* _What you should do_
Set out the records below again exactly; skip the images.
═══ Records for processing ═══
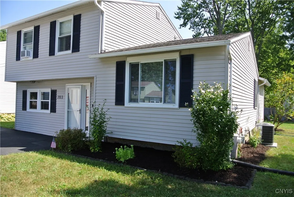 Welcome to this charming home in the Village of Minoa, located in the popular ESM school district. Inside, you’ll find two living areas, first-floor laundry, and a kitchen with abundant cabinet space plus a sliding door leading to the back porch. The spacious backyard is perfect for entertaining, with a patio ideal for gatherings or enjoying your morning coffee while watching the sunrise. Recent updates include brand-new central A/C (2025), new attic insulation and sill insulation (2023) to keep energy bills low, and newer upstairs carpet (2020) and bedroom doors throughout the upstairs bedrooms along with a new front door and screen (2022). The full basement provides ample storage with additional storage in two outdoor sheds with the rest of the house providing plenty of opportunity to make it your own.
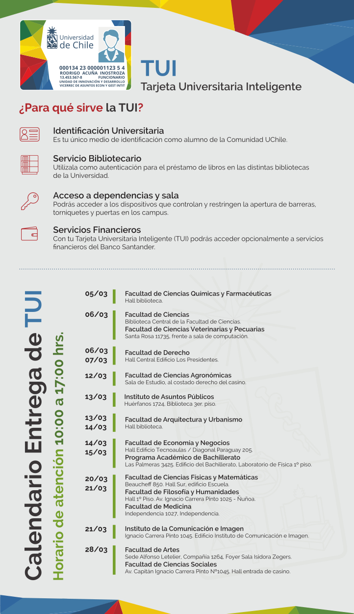 Se les comunica que mañana el Banco Santander, en la Facultad de Ciencias Forestales tendrá un stand para entregar las TUI de Mechones (y a los que solicitaron la TUI por perdida o robo), este jueves 7, el horario es de 10:00 a 17:00. Este cambio lo realizó el banco a ultimo minuto y espero que no les cause problema.
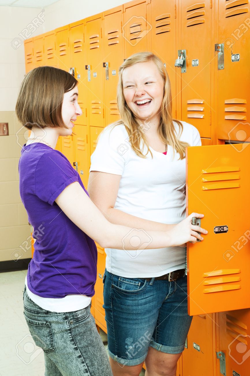 Two girls have fun locker
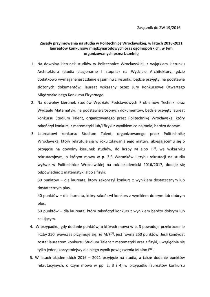 Załącznik do ZW 19/2016 Zasady przyjmowania na studia w Politechnice Wrocławskiej, w latach 2016-2021 laureatów konkursów międzynarodowych oraz ogólnopolskich, w tym organizowanych przez Uczelnię 1. Na dowolny kierunek studiów w Politechnice Wrocławskiej, z wyjątkiem kierunku Architektura (studia stacjonarne I stopnia) na Wydziale Architektury, gdzie dodatkowo wymagane jest zdanie egzaminu z rysunku, będzie przyjęty, na podstawie złożonych dokumentów, laureat wskazany przez Jury Konkursowe Otwartego Międzyszkolnego Konkursu Fizycznego. 2. Na dowolny kierunek studiów Wydziału Podstawowych Problemów Techniki oraz Wydziału Matematyki, na podstawie złożonych dokumentów, będzie przyjęty laureat konkursu Studium Talent, organizowanego przez Politechnikę Wrocławską, który zakończył konkurs, z matematyki lub/i fizyki z wynikiem co najmniej bardzo dobrym. 3. Laureatowi konkursu Studium Talent, organizowanego przez Politechnikę Wrocławską, który rekrutuje się w roku zdawania jego matury, ubiegającemu się o przyjęcie na dowolny kierunek studiów, do liczby M albo F(1), we wskaźniku rekrutacyjnym, o którym mowa w p. 3.3 Warunków i trybu rekrutacji na studia wyższe w Politechnice Wrocławskiej na rok akademicki 2016/2017, dodaje się odpowiednio z matematyki albo z fizyki: 30 punktów – dla laureata, który zakończył konkurs z wynikiem dostatecznym lub dostatecznym plus, 40 punktów – dla laureata, który zakończył konkurs z wynikiem dobrym lub dobrym plus, 50 punktów – dla laureata, który zakończył konkurs z wynikiem bardzo dobrym lub celującym. 4. W przypadku, gdy dodanie punktów, o których mowa w p. 3 powoduje przekroczenie liczby 250, wówczas przyjmuje się, że M/F(1), jest równa 250 punktów. Jeśli kandydat został laureatem konkursu Studium Talent z matematyki oraz z fizyki, uwzględnia się tylko jeden, korzystniejszy dla niego wynik powiększenia M albo F(1). 5. W latach akademickich 2016 – 2021 przyjęcie na studia, a także dodanie punktów rekrutacyjnych, o czym mowa w pp. 2, 3 i 4, w przypadku laureatów konkursu Studium Talent, jest możliwe tylko jeden raz i tylko w tej rekrutacji, która odbywa się w roku uzyskania, przez laureata i kandydata na studia, świadectwa maturalnego, przy czym podstawą może być wynik konkursu uzyskany zarówno w roku zdawania egzaminu maturalnego, jak i w latach wcześniejszych. 6. Na dowolny kierunek studiów Wydziału Podstawowych Problemów Techniki oraz Wydziału Matematyki, na podstawie złożonych dokumentów, będzie przyjęty laureat w kategorii L1 (licealiści) finału krajowego konkursu Mistrzostwa Polski w Grach Matematycznych i Logicznych, organizowanego przez Politechnikę Wrocławską.
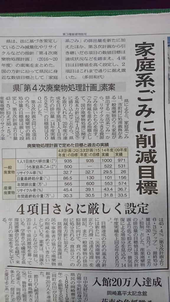 岡山県がこのたび、法に基づいて策定しているごみ減量化やリサイクルなどの
═══
* _Completed exercise_
 Welcome to this charming home in the Village of Minoa, located in the popular ESM school district. Inside, you’ll find two living areas, first-floor laundry, and a kitchen with abundant cabinet space plus a sliding door leading to the back porch. The spacious backyard is perfect for entertaining, with a patio ideal for gatherings or enjoying your morning coffee while watching the sunrise. Recent updates include brand-new central A/C (2025), new attic insulation and sill insulation (2023) to keep energy bills low, and newer upstairs carpet (2020) and bedroom doors throughout the upstairs bedrooms along with a new front door and screen (2022). The full basement provides ample storage with additional storage in two outdoor sheds with the rest of the house providing plenty of opportunity to make it your own.
 Se les comunica que mañana el Banco Santander, en la Facultad de Ciencias Forestales tendrá un stand para entregar las TUI de Mechones (y a los que solicitaron la TUI por perdida o robo), este jueves 7, el horario es de 10:00 a 17:00. Este cambio lo realizó el banco a ultimo minuto y espero que no les cause problema.
 Two girls have fun locker
 Załącznik do ZW 19/2016 Zasady przyjmowania na studia w Politechnice Wrocławskiej, w latach 2016-2021 laureatów konkursów międzynarodowych oraz ogólnopolskich, w tym organizowanych przez Uczelnię 1. Na dowolny kierunek studiów w Politechnice Wrocławskiej, z wyjątkiem kierunku Architektura (studia stacjonarne I stopnia) na Wydziale Architektury, gdzie dodatkowo wymagane jest zdanie egzaminu z rysunku, będzie przyjęty, na podstawie złożonych dokumentów, laureat wskazany przez Jury Konkursowe Otwartego Międzyszkolnego Konkursu Fizycznego. 2. Na dowolny kierunek studiów Wydziału Podstawowych Problemów Techniki oraz Wydziału Matematyki, na podstawie złożonych dokumentów, będzie przyjęty laureat konkursu Studium Talent, organizowanego przez Politechnikę Wrocławską, który zakończył konkurs, z matematyki lub/i fizyki z wynikiem co najmniej bardzo dobrym. 3. Laureatowi konkursu Studium Talent, organizowanego przez Politechnikę Wrocławską, który rekrutuje się w roku zdawania jego matury, ubiegającemu się o przyjęcie na dowolny kierunek studiów, do liczby M albo F(1), we wskaźniku rekrutacyjnym, o którym mowa w p. 3.3 Warunków i trybu rekrutacji na studia wyższe w Politechnice Wrocławskiej na rok akademicki 2016/2017, dodaje się odpowiednio z matematyki albo z fizyki: 30 punktów – dla laureata, który zakończył konkurs z wynikiem dostatecznym lub dostatecznym plus, 40 punktów – dla laureata, który zakończył konkurs z wynikiem dobrym lub dobrym plus, 50 punktów – dla laureata, który zakończył konkurs z wynikiem bardzo dobrym lub celującym. 4. W przypadku, gdy dodanie punktów, o których mowa w p. 3 powoduje przekroczenie liczby 250, wówczas przyjmuje się, że M/F(1), jest równa 250 punktów. Jeśli kandydat został laureatem konkursu Studium Talent z matematyki oraz z fizyki, uwzględnia się tylko jeden, korzystniejszy dla niego wynik powiększenia M albo F(1). 5. W latach akademickich 2016 – 2021 przyjęcie na studia, a także dodanie punktów rekrutacyjnych, o czym mowa w pp. 2, 3 i 4, w przypadku laureatów konkursu Studium Talent, jest możliwe tylko jeden raz i tylko w tej rekrutacji, która odbywa się w roku uzyskania, przez laureata i kandydata na studia, świadectwa maturalnego, przy czym podstawą może być wynik konkursu uzyskany zarówno w roku zdawania egzaminu maturalnego, jak i w latach wcześniejszych. 6. Na dowolny kierunek studiów Wydziału Podstawowych Problemów Techniki oraz Wydziału Matematyki, na podstawie złożonych dokumentów, będzie przyjęty laureat w kategorii L1 (licealiści) finału krajowego konkursu Mistrzostwa Polski w Grach Matematycznych i Logicznych, organizowanego przez Politechnikę Wrocławską.
 岡山県がこのたび、法に基づいて策定しているごみ減量化やリサイクルなどの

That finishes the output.